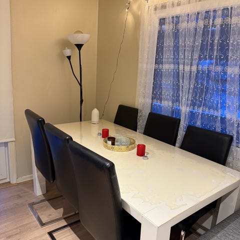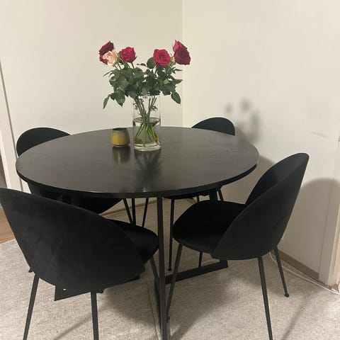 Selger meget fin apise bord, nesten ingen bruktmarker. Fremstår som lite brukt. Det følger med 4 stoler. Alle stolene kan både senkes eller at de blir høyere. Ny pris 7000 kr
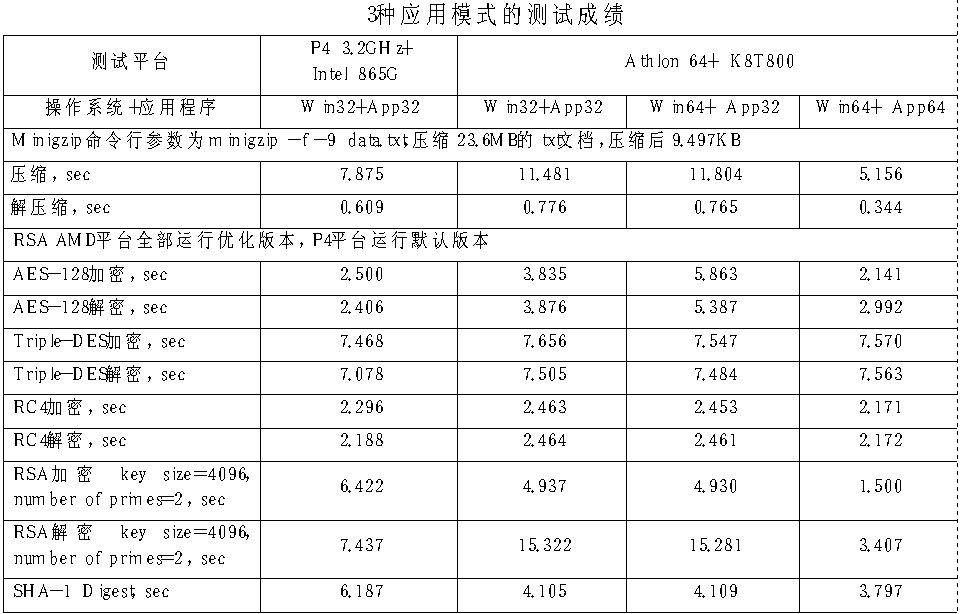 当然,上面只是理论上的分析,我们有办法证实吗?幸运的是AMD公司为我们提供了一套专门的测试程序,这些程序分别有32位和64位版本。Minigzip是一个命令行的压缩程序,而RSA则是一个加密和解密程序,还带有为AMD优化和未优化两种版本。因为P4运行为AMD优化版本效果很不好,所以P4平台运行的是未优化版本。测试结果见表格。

================

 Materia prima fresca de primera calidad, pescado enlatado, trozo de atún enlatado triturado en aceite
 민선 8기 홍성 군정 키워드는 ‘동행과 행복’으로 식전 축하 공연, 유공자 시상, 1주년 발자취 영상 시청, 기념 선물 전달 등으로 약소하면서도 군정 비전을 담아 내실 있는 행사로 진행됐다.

================

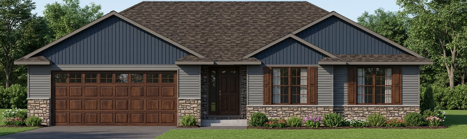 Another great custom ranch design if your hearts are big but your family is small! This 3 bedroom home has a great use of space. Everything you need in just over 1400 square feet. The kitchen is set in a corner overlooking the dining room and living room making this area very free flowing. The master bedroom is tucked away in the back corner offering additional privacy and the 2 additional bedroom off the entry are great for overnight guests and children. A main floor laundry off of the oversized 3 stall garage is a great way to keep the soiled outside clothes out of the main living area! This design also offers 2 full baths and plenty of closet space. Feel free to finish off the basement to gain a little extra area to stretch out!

================

• Task statement: Return the span of lines in the data above that opens at the line with "Materia prima fresca" and closes at the line with "민선 8기 홍성 군정", exactly, ends included, nothing else.

• Answer space:
 Materia prima fresca de primera calidad, pescado enlatado, trozo de atún enlatado triturado en aceite
 민선 8기 홍성 군정 키워드는 ‘동행과 행복’으로 식전 축하 공연, 유공자 시상, 1주년 발자취 영상 시청, 기념 선물 전달 등으로 약소하면서도 군정 비전을 담아 내실 있는 행사로 진행됐다.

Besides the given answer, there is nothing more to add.